→ **Task brief**
With the pictures left out, retype exactly the lines below starting at the line that contains "Trong không khí" and ending at the line that contains "光岡 達さんの地格は13画の5点!".

→ **Provided records**
"""

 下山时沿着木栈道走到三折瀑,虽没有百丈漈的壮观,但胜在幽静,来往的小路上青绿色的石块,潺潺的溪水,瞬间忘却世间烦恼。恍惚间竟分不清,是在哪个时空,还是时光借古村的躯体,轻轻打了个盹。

"""
"""

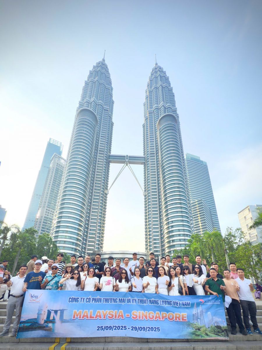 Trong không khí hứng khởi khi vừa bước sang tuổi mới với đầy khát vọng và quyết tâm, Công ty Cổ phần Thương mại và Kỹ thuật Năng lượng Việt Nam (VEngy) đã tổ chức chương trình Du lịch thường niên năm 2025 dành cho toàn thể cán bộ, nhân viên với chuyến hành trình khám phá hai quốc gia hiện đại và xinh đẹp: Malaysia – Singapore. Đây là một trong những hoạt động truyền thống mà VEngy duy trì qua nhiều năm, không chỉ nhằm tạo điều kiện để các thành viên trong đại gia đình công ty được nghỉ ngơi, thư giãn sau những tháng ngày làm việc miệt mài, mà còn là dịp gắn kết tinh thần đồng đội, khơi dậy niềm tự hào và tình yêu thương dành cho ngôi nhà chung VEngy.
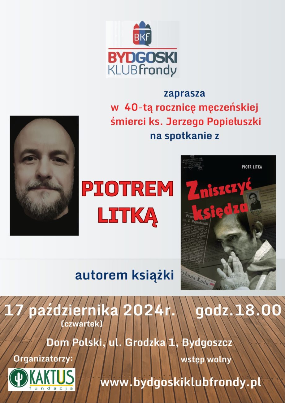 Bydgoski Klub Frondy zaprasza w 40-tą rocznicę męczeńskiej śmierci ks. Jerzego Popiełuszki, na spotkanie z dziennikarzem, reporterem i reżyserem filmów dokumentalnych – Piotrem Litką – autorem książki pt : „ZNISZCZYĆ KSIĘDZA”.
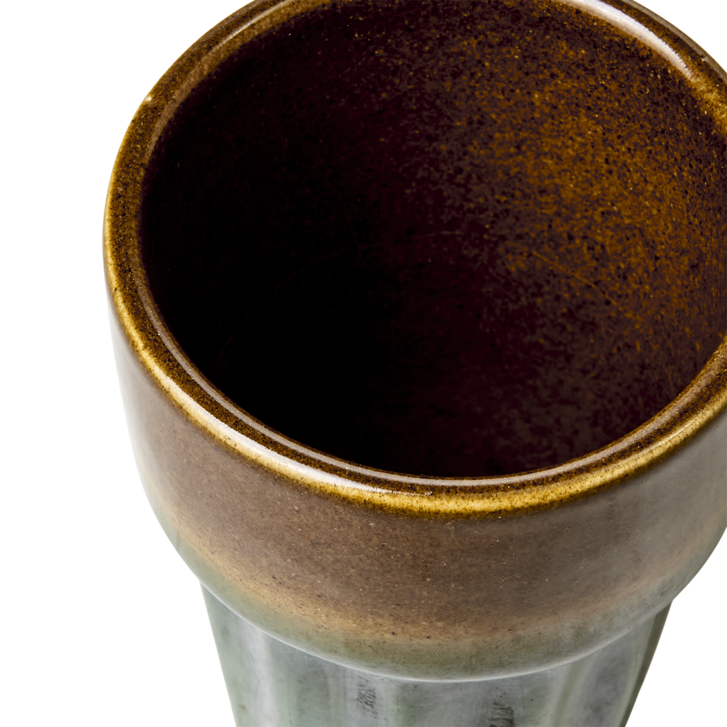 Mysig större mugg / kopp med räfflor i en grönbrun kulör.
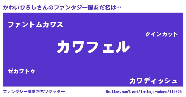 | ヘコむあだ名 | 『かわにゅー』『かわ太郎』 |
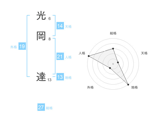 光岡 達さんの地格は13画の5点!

"""

→ **Result of this task**
 Trong không khí hứng khởi khi vừa bước sang tuổi mới với đầy khát vọng và quyết tâm, Công ty Cổ phần Thương mại và Kỹ thuật Năng lượng Việt Nam (VEngy) đã tổ chức chương trình Du lịch thường niên năm 2025 dành cho toàn thể cán bộ, nhân viên với chuyến hành trình khám phá hai quốc gia hiện đại và xinh đẹp: Malaysia – Singapore. Đây là một trong những hoạt động truyền thống mà VEngy duy trì qua nhiều năm, không chỉ nhằm tạo điều kiện để các thành viên trong đại gia đình công ty được nghỉ ngơi, thư giãn sau những tháng ngày làm việc miệt mài, mà còn là dịp gắn kết tinh thần đồng đội, khơi dậy niềm tự hào và tình yêu thương dành cho ngôi nhà chung VEngy.
 Bydgoski Klub Frondy zaprasza w 40-tą rocznicę męczeńskiej śmierci ks. Jerzego Popiełuszki, na spotkanie z dziennikarzem, reporterem i reżyserem filmów dokumentalnych – Piotrem Litką – autorem książki pt : „ZNISZCZYĆ KSIĘDZA”.
 Mysig större mugg / kopp med räfflor i en grönbrun kulör.
 | ヘコむあだ名 | 『かわにゅー』『かわ太郎』 |
 光岡 達さんの地格は13画の5点!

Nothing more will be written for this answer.